Getting Head
Head is important. Enough to bring someone to their knees. Giving it. Getting it. Bragging about it. Advertising it. Even just the mention of it can bring excitement. So here’s a whole section devoted to it. The below graphs show how often in the 12 months April 2021 to March 2022 google searched for “beer head” and its related terms in AUNZ. It shows, for all the thought and talk about it, the MOST popular thing people wanted to know, was not giving or getting it (going by total search hits) but rather what was BEST HEAD.
So, let me reveal to you what makes great head and why tasting it elevates the whole beer experience. I’ll then talk about how personal preferences vary as to what is “best” and “good” head.
Best Head: How You Know You’ve Got It
A traditional learned foam connoisseur has said it’s a combination of:
Stability – quality of holding the foam structure of the head, how quickly it dissipates
Quantity – Goldilocksing: not too much and not too little, just right
Lacing – nothing to do with a fun corset but rather the bubble pattern left on the glass after drinking it
Whiteness – brilliant white
Creaminess – the textural feeling of it created by small uniformed bubbles (homo-dispersed) giving a very smooth mouth feel
Strength – the alcoholic strength of the beer
My craft based opinion differs. What makes great head is simply:
Stability
Bubble density within the head – bubbles don’t have to be uniform, in fact you don’t want them to be for certain pallet feels, but you want a lot of them per cm3
Quantity – standard pour should render 1-1.5” collar without gushing (over exuberate foaming, see section on beer faults) and bubble over.
Lacing doesn’t factor into it. In fact, lacing looks dirty and detracts from the beer experience, but then preference to lacing is known to be very gender based and the above learned list was written by a male. Preference to lacing is very visual. For me, that look is locked in the past of massive chain pubs owned by the majors, crowded loud bars full of smoke, patrons treated like cattle, cat calls and meat marketers, and not a handcrafted boutique beer in sight.

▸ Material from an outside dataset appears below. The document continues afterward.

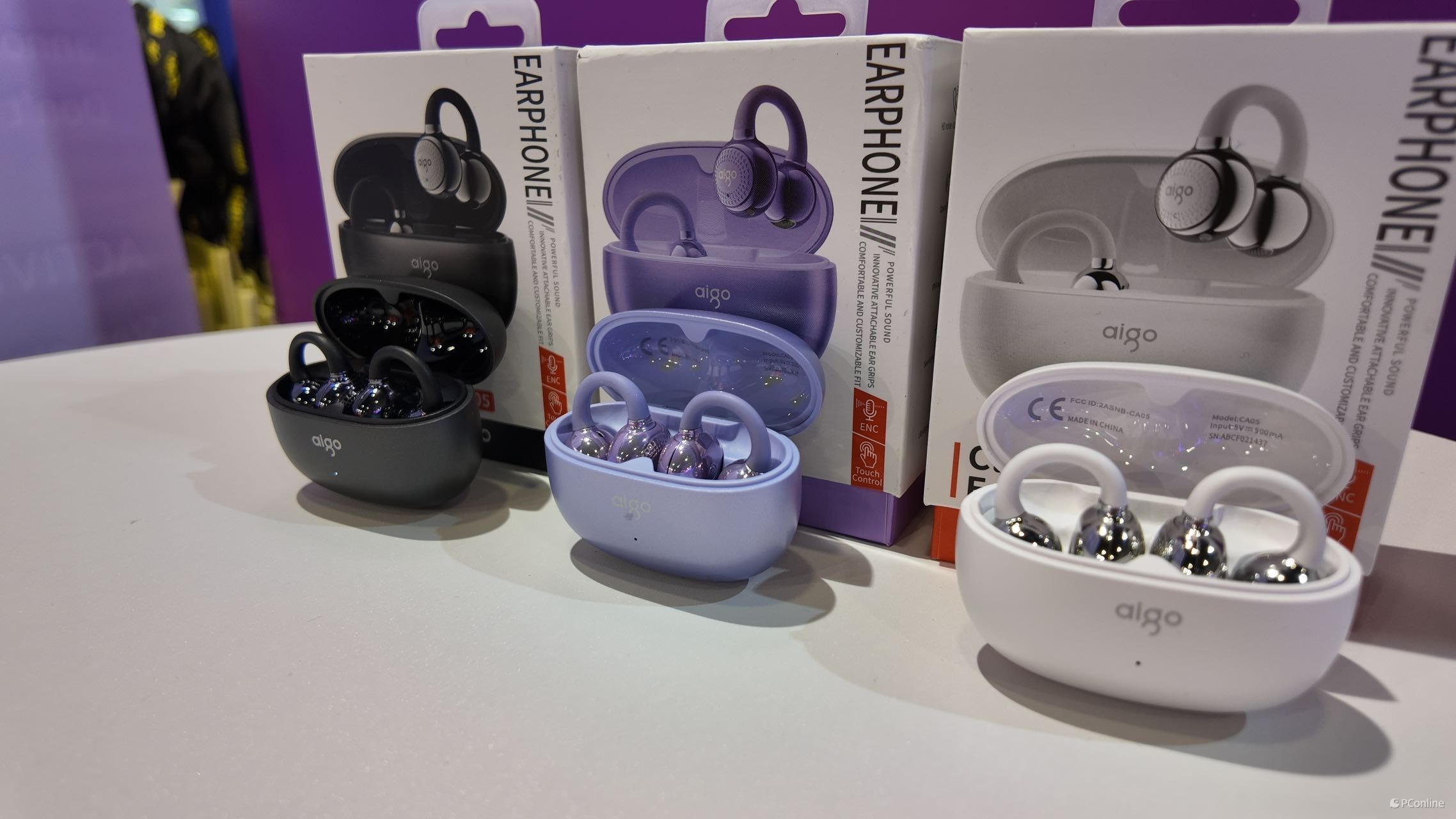 在熙攘的人群中,我们来到了aigo的音频产品线展区,aigo的音频产品涉猎广泛,从TWS耳机到骨传导耳机、HiFi音乐播放器一应俱全。其中的拳头产品当然要数aigo 耳夹式蓝牙无线耳机CA05,它拥有一个圆润如鹅卵石般的电池仓,耳机本体则是时下流行的夹耳式设计,这种耳机能带来舒适的佩戴体验,在定向传音技术的加持下,CA05能做到定向传声不漏音,有效保护用户的隐私安全,还有56小时超长续航。

Colour isn’t a factor. Your colour doesn’t and shouldn’t matter – black, white, yellow, golden, brown. Makes no difference. Foam colour is merely an outcome of the beer’s ingredients. Be whatever colour you feel you are inside. I’m certainly not going to proport white is best. The only things that are functionally important in foam are, through the three qualities I’ve listed above, foam’s ability to provide:
Deliverance of aromatics – good foam lifts beer perfumes of hops, yeast, etc., out of the beer, expressing them into the air for you to smell as you drink.
Physical Sensation – as soon as the beer passes your lips you should feel the foam. It is not true that foam should be creamy. What it should be is matched to the style. A smooth malt based beer is well paired to a creamy head. A crisp summer lager is well hitched to a prickly head caused by uneven course bubbles bursting roughly around your mouth.
Filtering and capturing compounds of flavour so as to deliver these intensely to the pallet with the beer as the foam is drunk. Foam holds flavour of bitterness and spice. Bubbles are coated with both proteins and polypeptides. Polypeptides link with bitter iso-alpha acids from hops giving these flavours.
A very famous beer expert, Distinguished Professor Emeritus Charlie Bamforth, agrees that great head is in the eye of the beholder. He states “consumers discriminate between beers based on their foam characteristics. These choices have been found to diverge between genders, race or even region.” In my opinion, as long as the foam performs the above three functions then, great head is whatever gets you off. Your preferences, like most bias in life, are very likely shaped by your past experiences, subjection to advertising, and social influencers. As long as you enjoy it, it’s the best head ever. Promise.